## What is being asked
Output each record below exactly as it stands, leaving out the pictures.

- - - - - - -

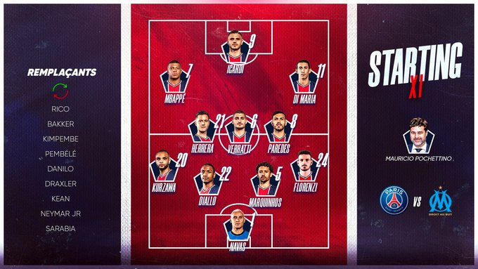«ПСЖ»: Навас, Флоренци, Маркиньос, Диалло, Курзава (Кимпембе, 65), Веррати, Паредес, Эррера, Ди Мария (Неймар,65), Мбаппе, Икарди
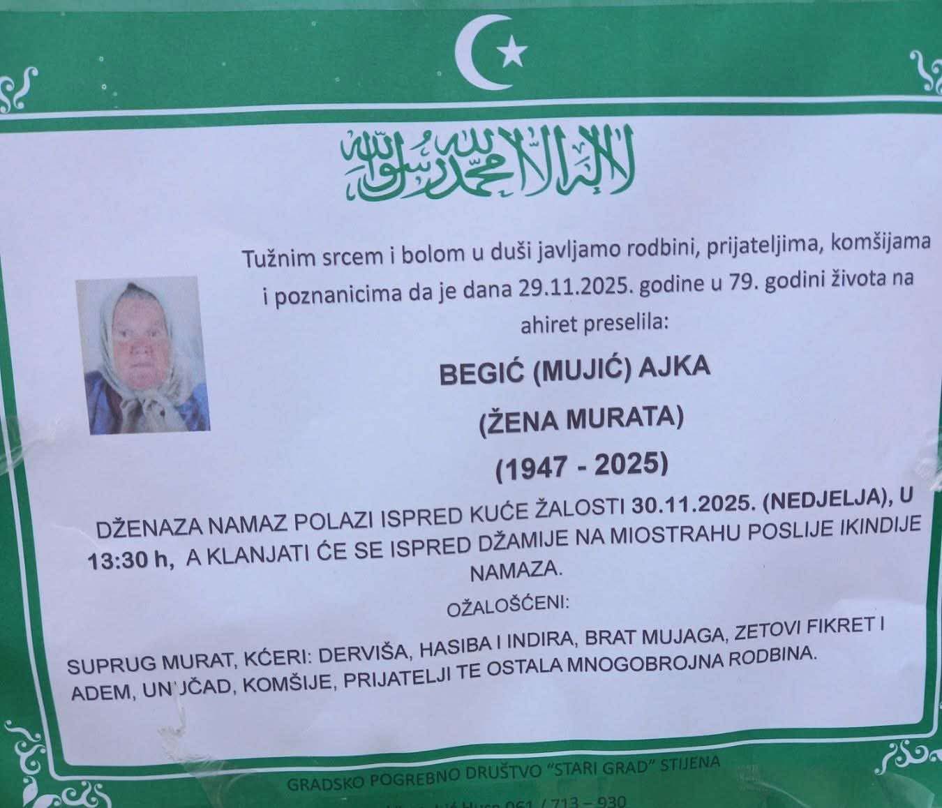 DŽENAZA NAMAZ POLAZI ISPRED KUĆE ŽALOSTI 30.11.2025. (NEDJELJA), U 13:30 h, A KLANJATI ĆE SE ISPRED DŽAMIJE NA MIOSTRAHU POSLIJE IKINDIJE NAMAZA.
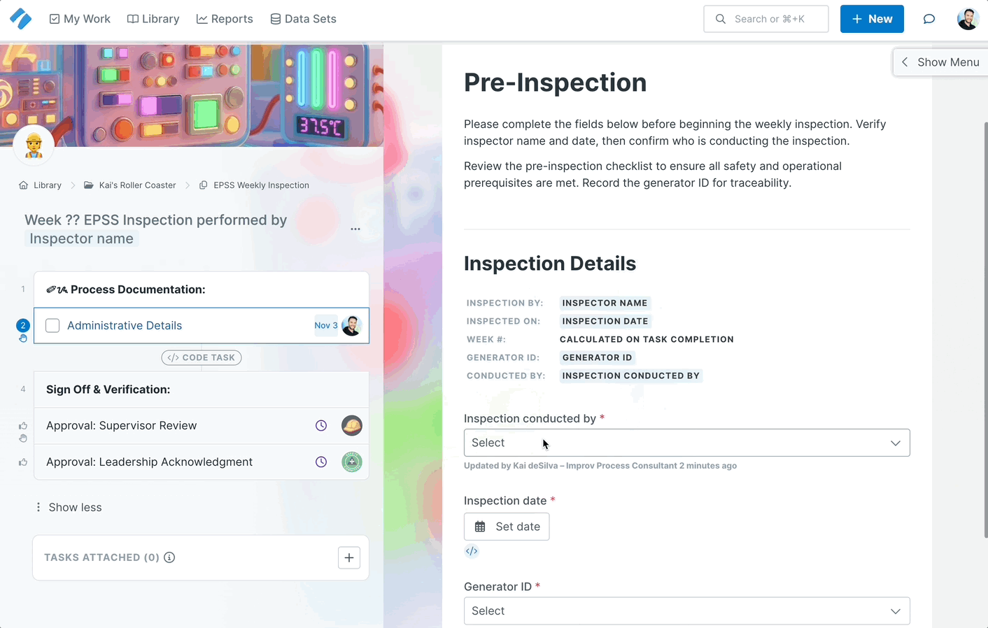 Required fields and logic: Force completeness with mandatory data and hide irrelevant tasks using conditional prompts.
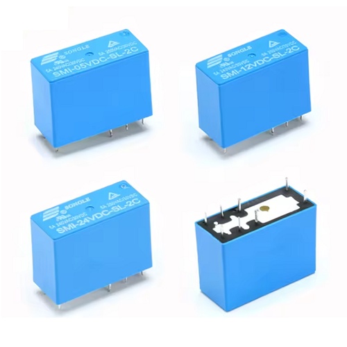 Songle SMI-24VDC-SL-2C – miniaturni 24V DPDT rele, 8 pinov, 5A/250VAC. Dva neodvisna kontakta za industrijske 24V sisteme in PCB montažo.
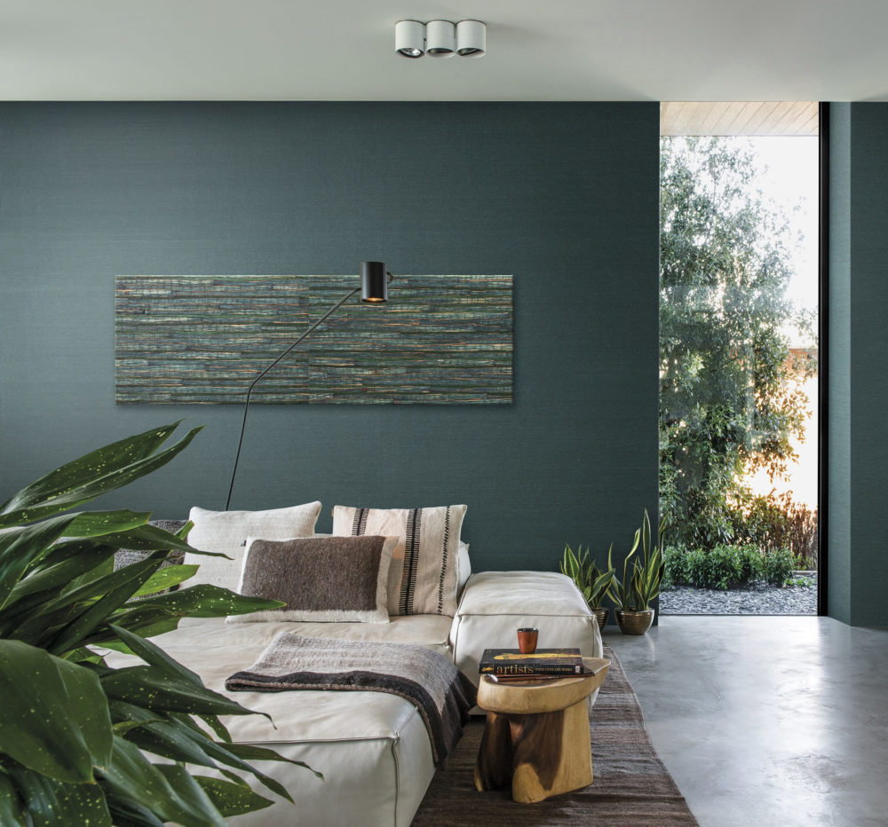 Omexco Portfolio — оттенки малахита с лёгким мерцанием на льняных волокнах.
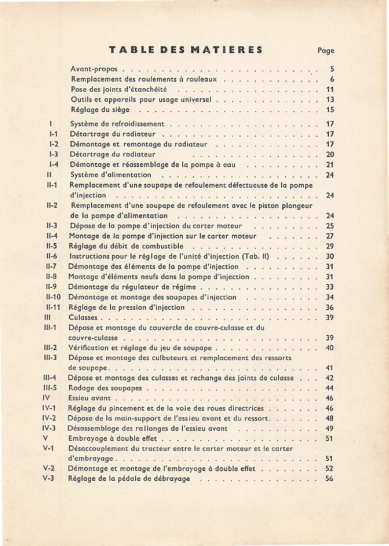 Sommaire : Système de refroidissement - Radiateur - Soupape de refoulement - Pompe d'injection - Régulateur de régime - Culasses - Essieu avant - Roues directrices - Essieu avant - Embrayage - Pédale de débrayage - CArter moteur - Moteur - Vitesses - Pompe à huile - Relevage hydraulique - Dynamo - Équipement électrique - Batterie - Etc ...
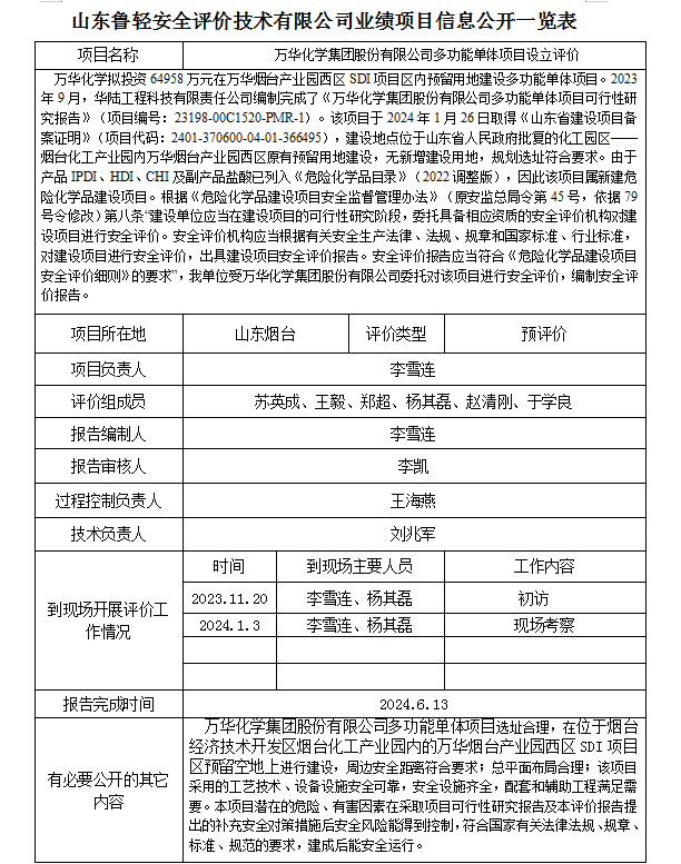 万华化学集团股份有限公司多功能单体项目设立评价
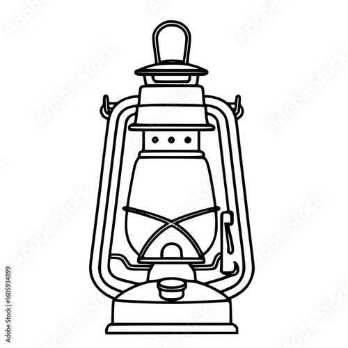 Vintage oil lantern with classic handle drawn in simple black and white outline style
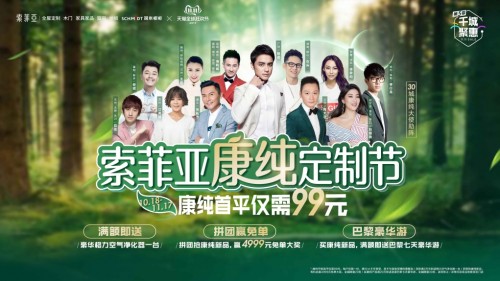 除了有众多明星大咖担任索菲亚康纯板推广大使外,值得一提的是,本次 “索菲亚康纯定制节”活动优惠力度空前,包括有“无醛添加康纯首平(投影面积)仅需99元”、“缪斯香颂系列,参与拼团即可享受1899元/平方,还有机会赢4999元免单大奖”、“满额即送价值4599元格力豪华空气净化器、“满额送浪漫巴黎七天豪华游”等一系列的劲爆优惠,势必在全国掀起一场“健康家,选康纯”的家居环保体验风暴!

- - - - - - -

## Response to the exercise
«ПСЖ»: Навас, Флоренци, Маркиньос, Диалло, Курзава (Кимпембе, 65), Веррати, Паредес, Эррера, Ди Мария (Неймар,65), Мбаппе, Икарди
 DŽENAZA NAMAZ POLAZI ISPRED KUĆE ŽALOSTI 30.11.2025. (NEDJELJA), U 13:30 h, A KLANJATI ĆE SE ISPRED DŽAMIJE NA MIOSTRAHU POSLIJE IKINDIJE NAMAZA.
 Required fields and logic: Force completeness with mandatory data and hide irrelevant tasks using conditional prompts.
 Songle SMI-24VDC-SL-2C – miniaturni 24V DPDT rele, 8 pinov, 5A/250VAC. Dva neodvisna kontakta za industrijske 24V sisteme in PCB montažo.
 Omexco Portfolio — оттенки малахита с лёгким мерцанием на льняных волокнах.
 Sommaire : Système de refroidissement - Radiateur - Soupape de refoulement - Pompe d'injection - Régulateur de régime - Culasses - Essieu avant - Roues directrices - Essieu avant - Embrayage - Pédale de débrayage - CArter moteur - Moteur - Vitesses - Pompe à huile - Relevage hydraulique - Dynamo - Équipement électrique - Batterie - Etc ...
 万华化学集团股份有限公司多功能单体项目设立评价
 Vintage oil lantern with classic handle drawn in simple black and white outline style
 除了有众多明星大咖担任索菲亚康纯板推广大使外,值得一提的是,本次 “索菲亚康纯定制节”活动优惠力度空前,包括有“无醛添加康纯首平(投影面积)仅需99元”、“缪斯香颂系列,参与拼团即可享受1899元/平方,还有机会赢4999元免单大奖”、“满额即送价值4599元格力豪华空气净化器、“满额送浪漫巴黎七天豪华游”等一系列的劲爆优惠,势必在全国掀起一场“健康家,选康纯”的家居环保体验风暴!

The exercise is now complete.